San Francisco has a check with Steve Jobs’ name on it.
It’s for a piddling amount — a $174 refund for overpaid parking tickets — and Jobs’ estate has only until March 3 to claim it.
It’s part of the San Francisco Municipal Transportation Authority’s plan to give back a total of $6 million in overpaid parking fines dating back as far as 1995 (before Jobs had even rejoined Apple). If Jobs’ estate doesn’t claim the $174, the money will be gobbled up by SFMTA.
The overpayments come from the 1.5 million tickets per year written by San Francisco meter maids. And Jobs isn’t the only tech guru on the list: Uber CEO Travis Kalanick can claim $510 for four tickets.
“This is their money and they’re due a refund if they want it,” said SFMTA spokesman Paul Rose.
Jobs’ estate was worth $11 billion at the time of his death in 2011, so I doubt his family needs the money.
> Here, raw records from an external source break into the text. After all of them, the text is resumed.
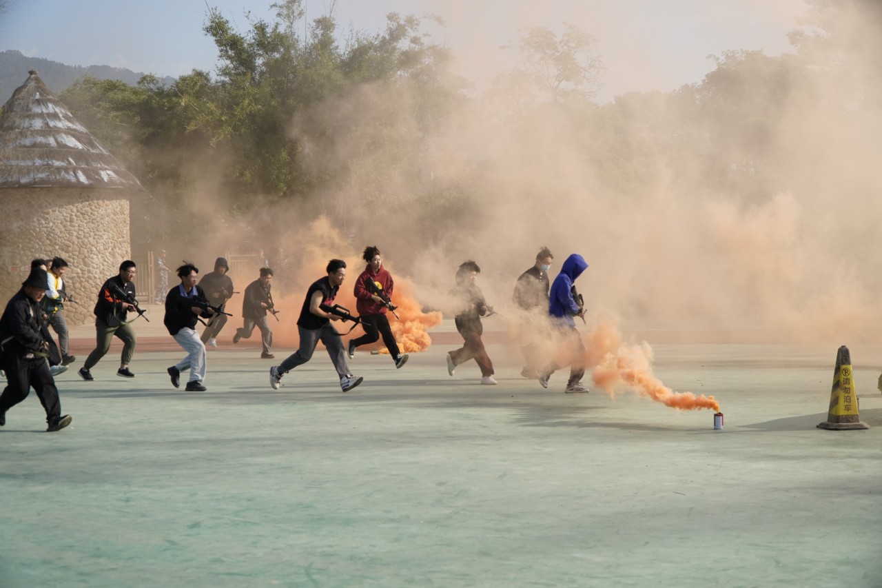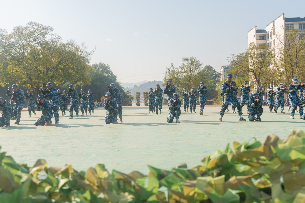 战术会演是军训汇报表演的一个重要环节。现场模拟战争环境,运用战术队形,展示了“流血流汗不流泪”的军人本色。实地红蓝军队对抗,让全场为之欢呼。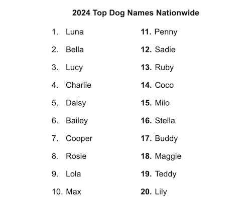 Of the top 20 dog names, 11 were also names in the Top 100 baby names of 2023, the latest year for which we have data. Eight ranked among the Top 50 and five were in the Top 20.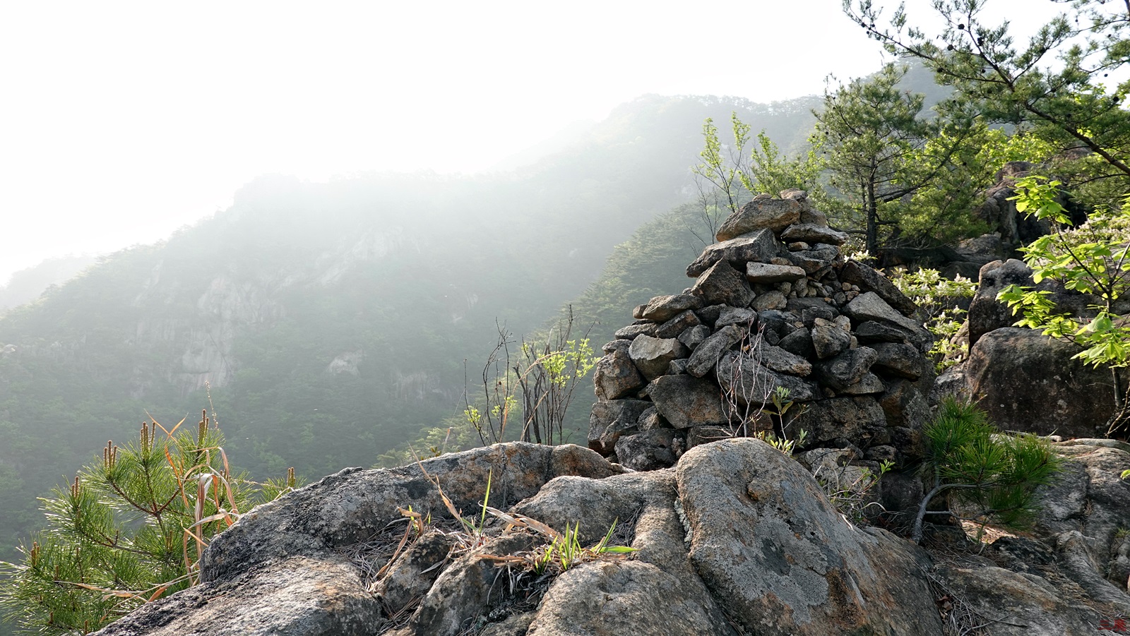 오른쪽 능선을 보니 바위 하나가 눈에 띈다.

Then again, Jobs was famously one of the “$1 a year” CEOs. By those numbers, $174 is close to two centuries’ worth of work on his part!
Source: NBC Bay Area
Via: Gizmodo
7 responses to “Steve Jobs is still owed $174 for overpaid parking tickets”
Luke: If Steve Jobs took $1 a year, then $174 would be 174 years, not “close to 15”. Sigh… what has happened to basic math?
Ugh. You are 100 percent right. I calculated it as months, not years. My terrible mistake.
Thanks for pointing this out, by the way. The “ugh” was aimed fully at myself.
Steve had stock benefits and other assets worth millions of $USD. So the $1.00 a year is a tad bit misleading.
I know that was the case. I was joking about the chances Steve would have desperately needed the $174. But you’re absolutely right that few of these $1 CEOs actually make only $1 per year.
Yeah. I’d take the $1.00 too if I could also get a few hundred thousand of Apple’s stock!